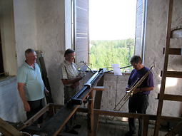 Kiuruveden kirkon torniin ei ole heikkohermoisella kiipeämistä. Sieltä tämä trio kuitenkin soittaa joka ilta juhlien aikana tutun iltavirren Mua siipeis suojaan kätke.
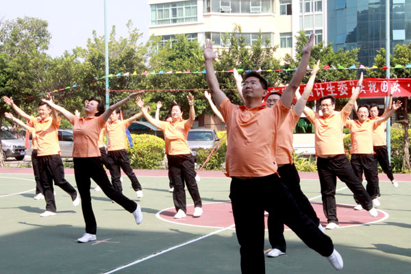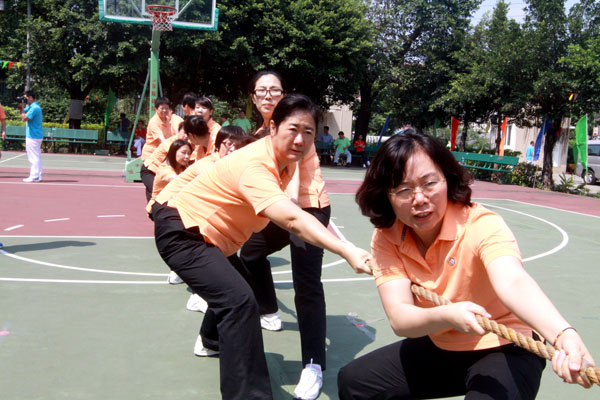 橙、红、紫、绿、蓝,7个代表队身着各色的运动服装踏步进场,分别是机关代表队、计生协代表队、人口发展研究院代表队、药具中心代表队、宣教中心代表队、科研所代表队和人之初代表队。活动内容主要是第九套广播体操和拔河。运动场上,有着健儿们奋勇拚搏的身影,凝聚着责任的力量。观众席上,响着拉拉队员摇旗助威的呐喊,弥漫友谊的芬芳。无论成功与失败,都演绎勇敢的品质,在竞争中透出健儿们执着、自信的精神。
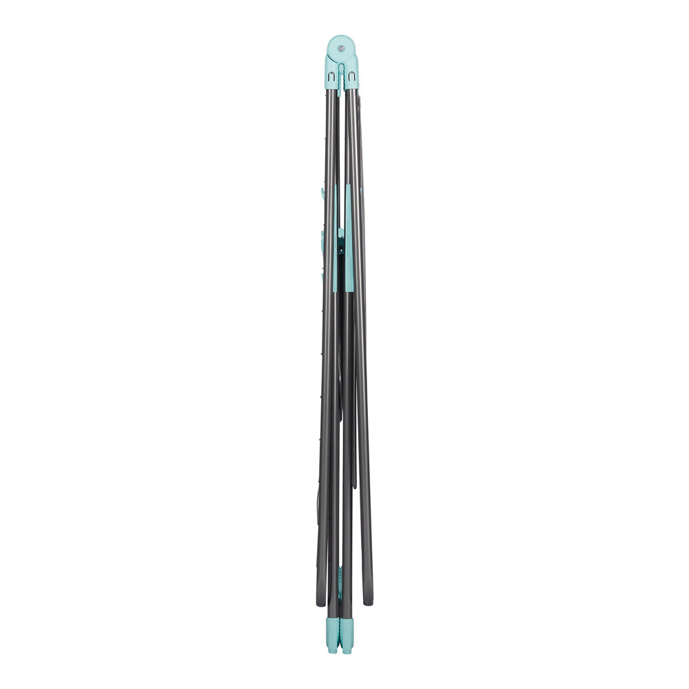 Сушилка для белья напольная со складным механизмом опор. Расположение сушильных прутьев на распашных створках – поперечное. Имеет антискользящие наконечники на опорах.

---

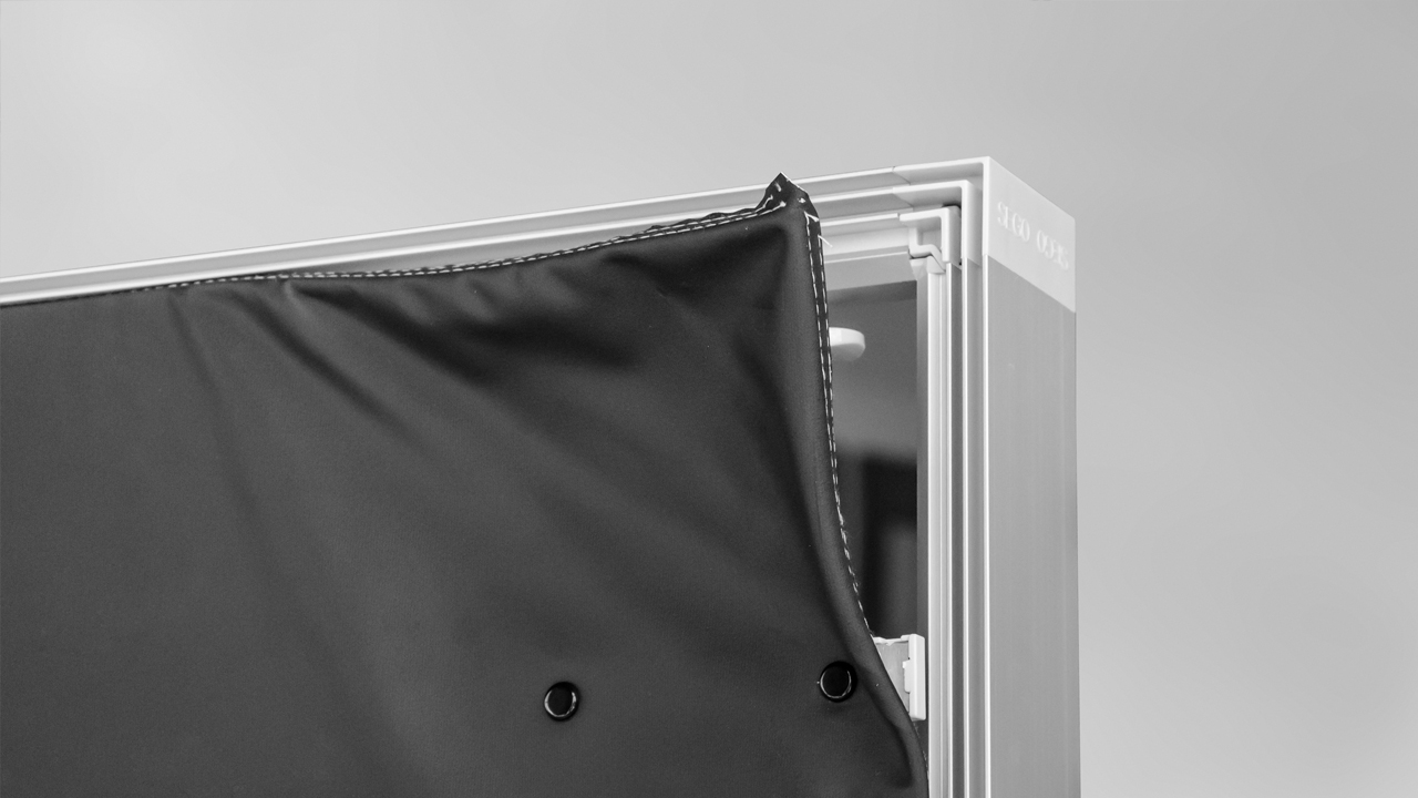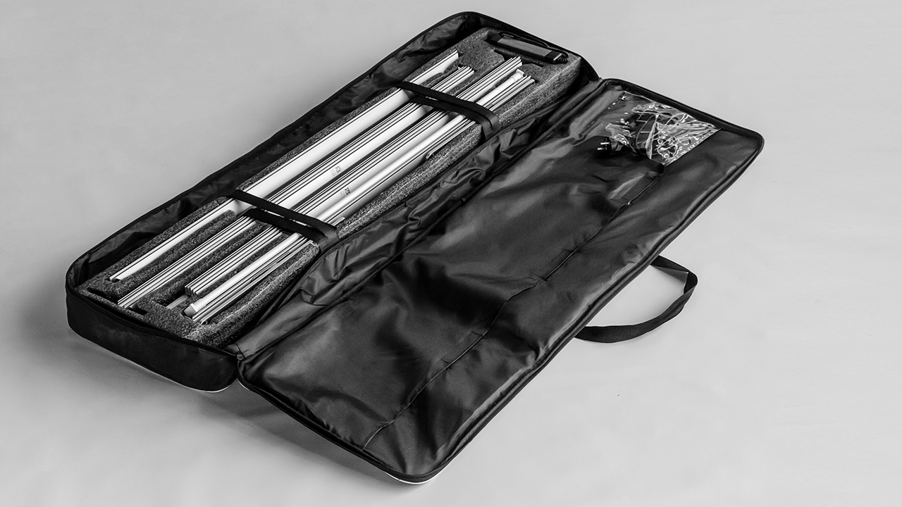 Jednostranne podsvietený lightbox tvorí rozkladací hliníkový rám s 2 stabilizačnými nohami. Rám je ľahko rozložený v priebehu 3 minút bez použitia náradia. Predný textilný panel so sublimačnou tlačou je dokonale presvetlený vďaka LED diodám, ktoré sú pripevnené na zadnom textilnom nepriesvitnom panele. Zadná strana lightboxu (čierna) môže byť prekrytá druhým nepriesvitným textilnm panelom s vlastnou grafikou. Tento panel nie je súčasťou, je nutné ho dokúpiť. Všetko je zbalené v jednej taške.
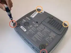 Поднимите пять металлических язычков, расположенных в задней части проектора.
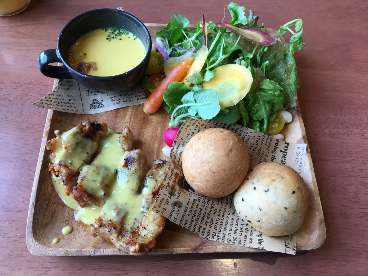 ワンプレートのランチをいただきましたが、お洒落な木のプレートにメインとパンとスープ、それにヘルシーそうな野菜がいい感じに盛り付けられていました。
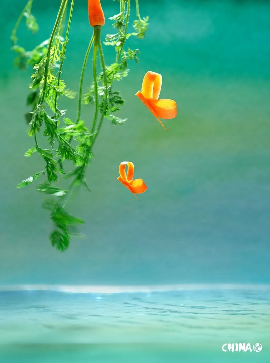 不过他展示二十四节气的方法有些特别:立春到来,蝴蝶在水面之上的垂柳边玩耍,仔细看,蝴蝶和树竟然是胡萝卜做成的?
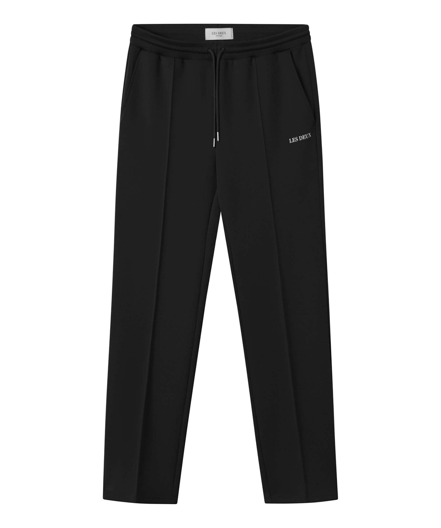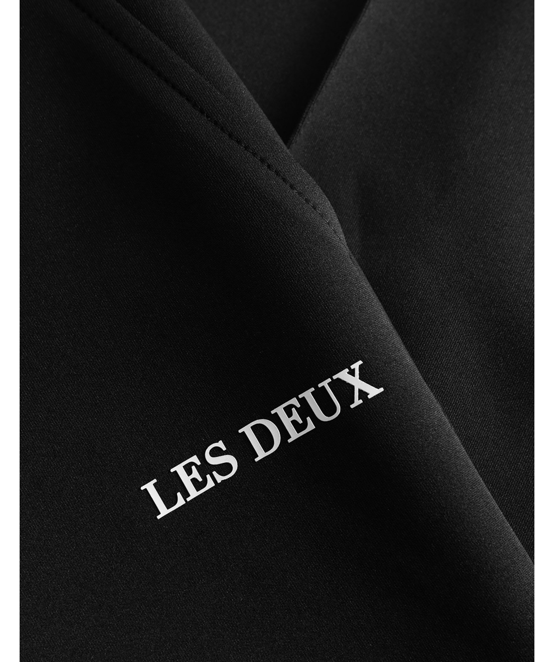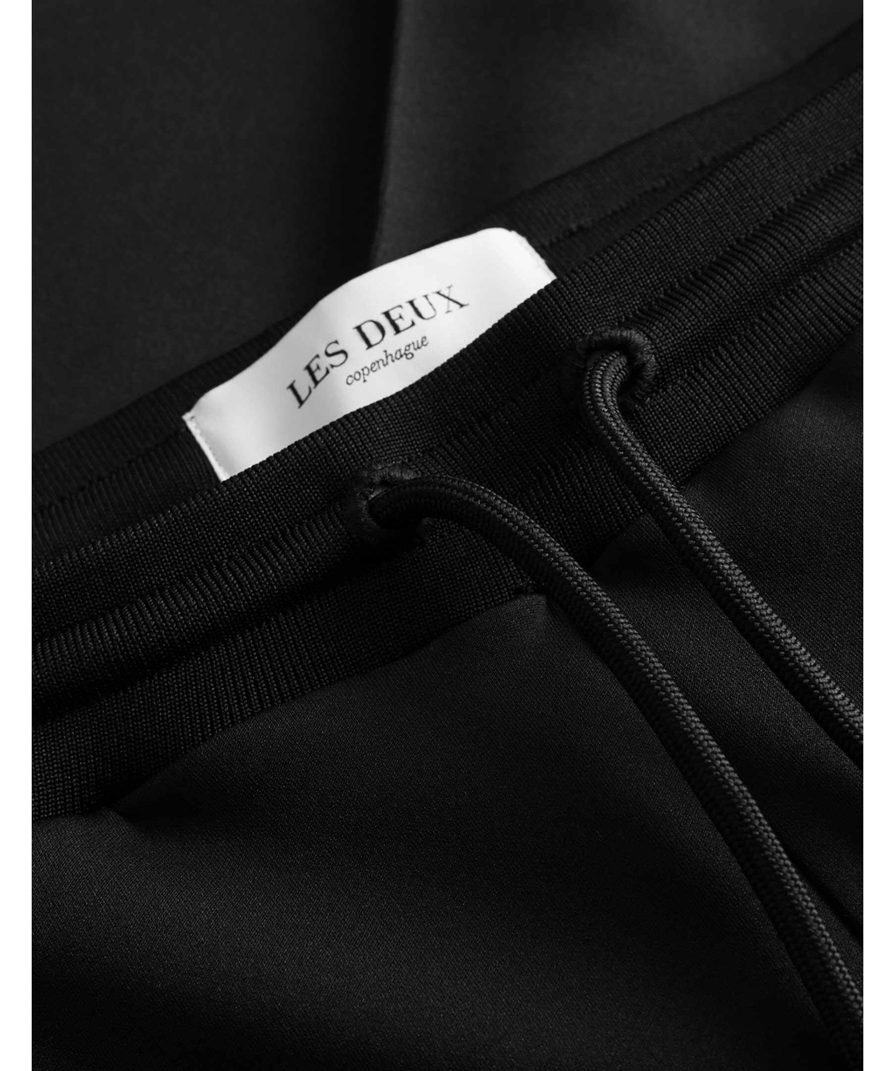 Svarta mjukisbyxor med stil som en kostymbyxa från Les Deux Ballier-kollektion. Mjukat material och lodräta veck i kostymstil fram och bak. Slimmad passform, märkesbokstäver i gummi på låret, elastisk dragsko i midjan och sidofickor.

- ABOUT THIS TASK
Using the data above, retype exactly and only the lines from the one containing "橙、红、紫、绿、蓝,7个代表" up to and including the one containing "Сушилка для белья", with no pictures carried over.

- TASK RESULT
 橙、红、紫、绿、蓝,7个代表队身着各色的运动服装踏步进场,分别是机关代表队、计生协代表队、人口发展研究院代表队、药具中心代表队、宣教中心代表队、科研所代表队和人之初代表队。活动内容主要是第九套广播体操和拔河。运动场上,有着健儿们奋勇拚搏的身影,凝聚着责任的力量。观众席上,响着拉拉队员摇旗助威的呐喊,弥漫友谊的芬芳。无论成功与失败,都演绎勇敢的品质,在竞争中透出健儿们执着、自信的精神。
 Сушилка для белья напольная со складным механизмом опор. Расположение сушильных прутьев на распашных створках – поперечное. Имеет антискользящие наконечники на опорах.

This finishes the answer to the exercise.